## Your task
Word for word, restate the listing; omit the pictures.

## Recorded data
--------
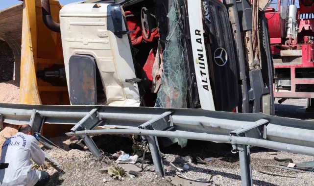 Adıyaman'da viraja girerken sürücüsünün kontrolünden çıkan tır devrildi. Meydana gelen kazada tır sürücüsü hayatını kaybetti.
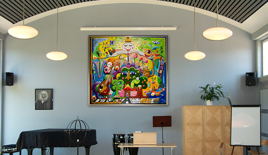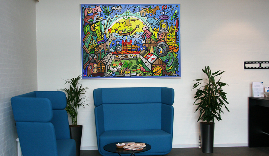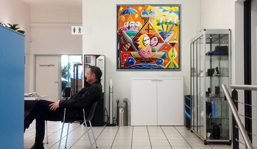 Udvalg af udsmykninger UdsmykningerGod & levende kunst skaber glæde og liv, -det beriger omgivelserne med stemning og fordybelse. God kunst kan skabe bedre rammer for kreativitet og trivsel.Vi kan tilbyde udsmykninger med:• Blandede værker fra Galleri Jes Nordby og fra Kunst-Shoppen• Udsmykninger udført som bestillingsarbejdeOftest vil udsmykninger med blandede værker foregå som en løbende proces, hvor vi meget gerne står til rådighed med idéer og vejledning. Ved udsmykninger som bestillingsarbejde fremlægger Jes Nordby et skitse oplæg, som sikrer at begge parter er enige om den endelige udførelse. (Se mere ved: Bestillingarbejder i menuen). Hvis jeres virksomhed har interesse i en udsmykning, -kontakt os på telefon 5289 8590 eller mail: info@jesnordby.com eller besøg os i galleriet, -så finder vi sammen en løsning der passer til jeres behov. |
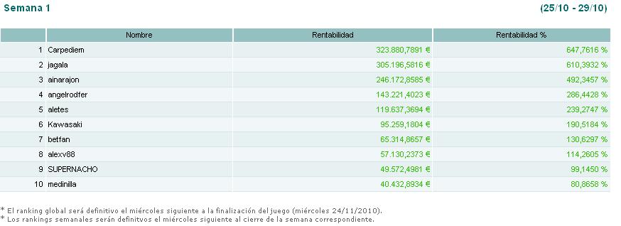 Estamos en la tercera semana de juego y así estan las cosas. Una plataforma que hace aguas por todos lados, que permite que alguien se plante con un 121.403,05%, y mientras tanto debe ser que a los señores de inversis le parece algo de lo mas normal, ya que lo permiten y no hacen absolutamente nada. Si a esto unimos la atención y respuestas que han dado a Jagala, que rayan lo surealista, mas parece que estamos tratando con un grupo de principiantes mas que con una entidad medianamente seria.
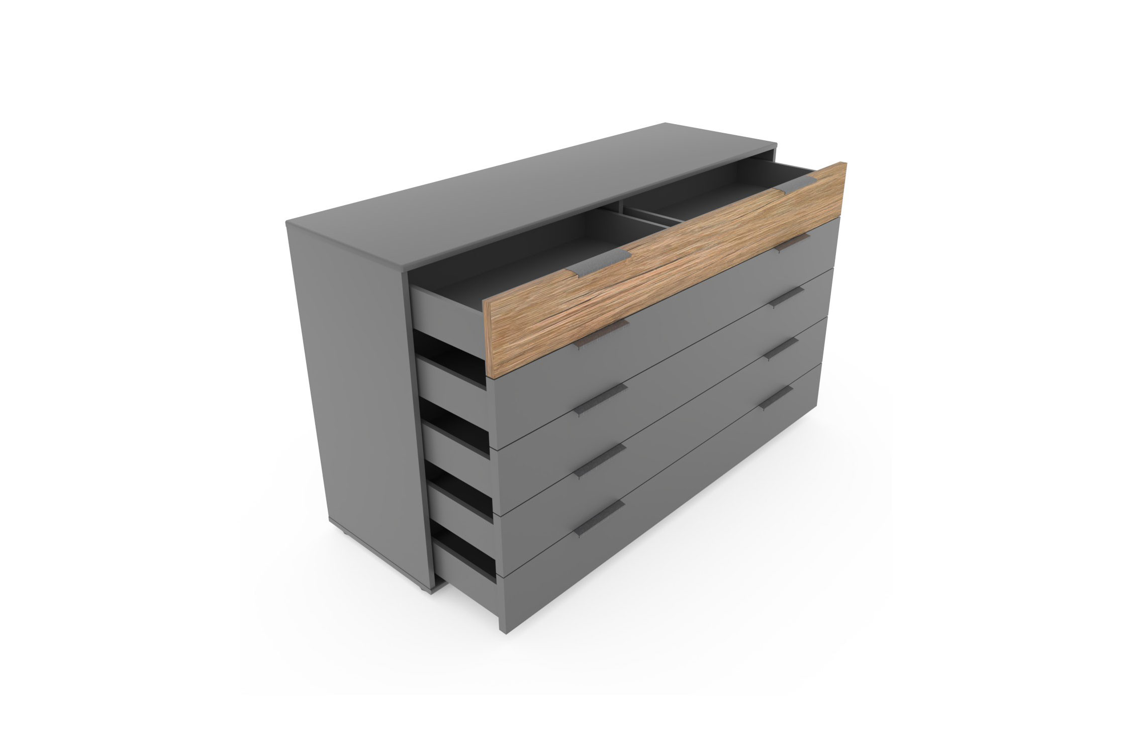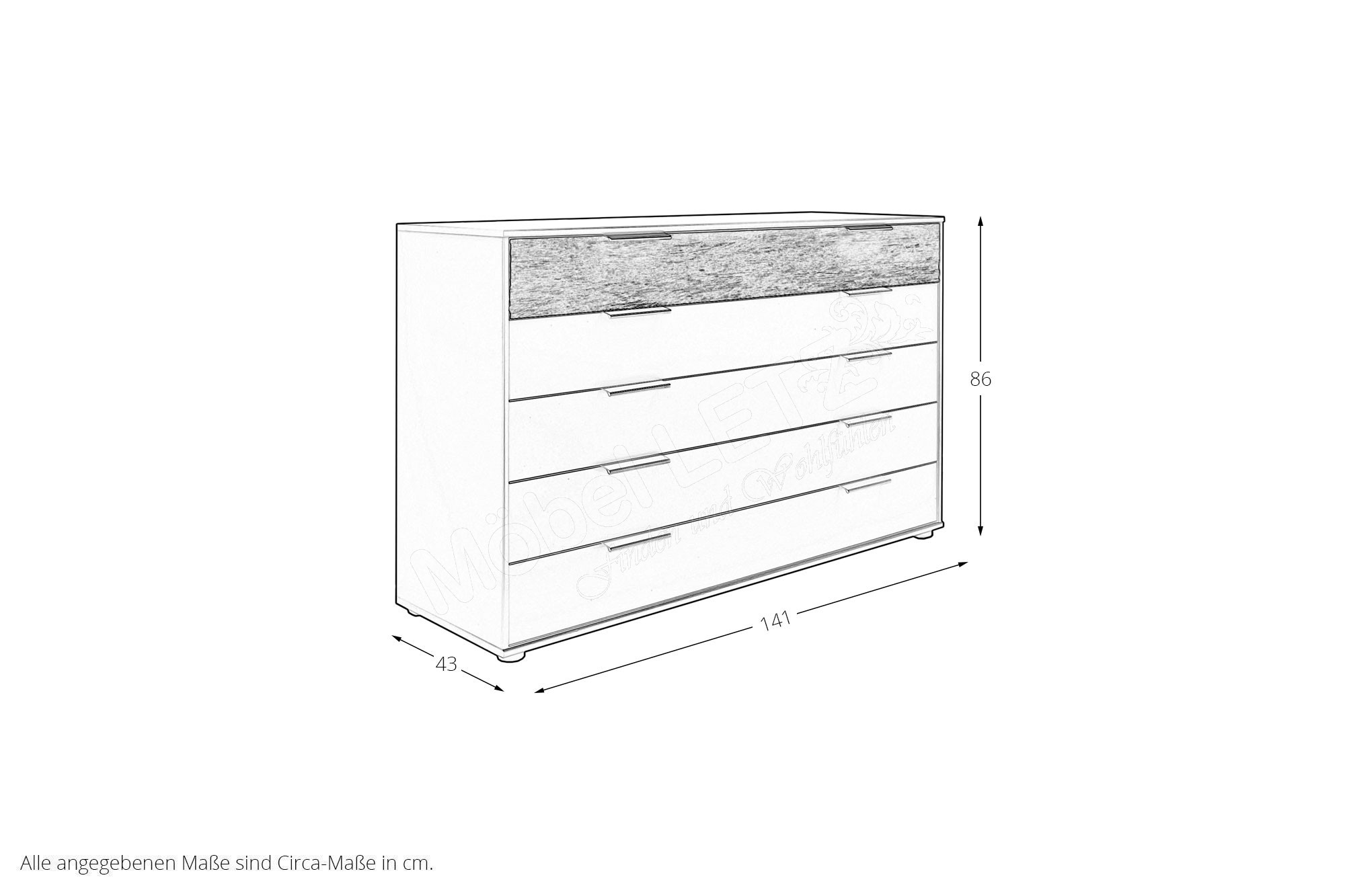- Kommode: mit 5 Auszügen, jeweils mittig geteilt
--------
## Result of this exercise
 Adıyaman'da viraja girerken sürücüsünün kontrolünden çıkan tır devrildi. Meydana gelen kazada tır sürücüsü hayatını kaybetti.
 Udvalg af udsmykninger UdsmykningerGod & levende kunst skaber glæde og liv, -det beriger omgivelserne med stemning og fordybelse. God kunst kan skabe bedre rammer for kreativitet og trivsel.Vi kan tilbyde udsmykninger med:• Blandede værker fra Galleri Jes Nordby og fra Kunst-Shoppen• Udsmykninger udført som bestillingsarbejdeOftest vil udsmykninger med blandede værker foregå som en løbende proces, hvor vi meget gerne står til rådighed med idéer og vejledning. Ved udsmykninger som bestillingsarbejde fremlægger Jes Nordby et skitse oplæg, som sikrer at begge parter er enige om den endelige udførelse. (Se mere ved: Bestillingarbejder i menuen). Hvis jeres virksomhed har interesse i en udsmykning, -kontakt os på telefon 5289 8590 eller mail: info@jesnordby.com eller besøg os i galleriet, -så finder vi sammen en løsning der passer til jeres behov. |
 Estamos en la tercera semana de juego y así estan las cosas. Una plataforma que hace aguas por todos lados, que permite que alguien se plante con un 121.403,05%, y mientras tanto debe ser que a los señores de inversis le parece algo de lo mas normal, ya que lo permiten y no hacen absolutamente nada. Si a esto unimos la atención y respuestas que han dado a Jagala, que rayan lo surealista, mas parece que estamos tratando con un grupo de principiantes mas que con una entidad medianamente seria.
- Kommode: mit 5 Auszügen, jeweils mittig geteilt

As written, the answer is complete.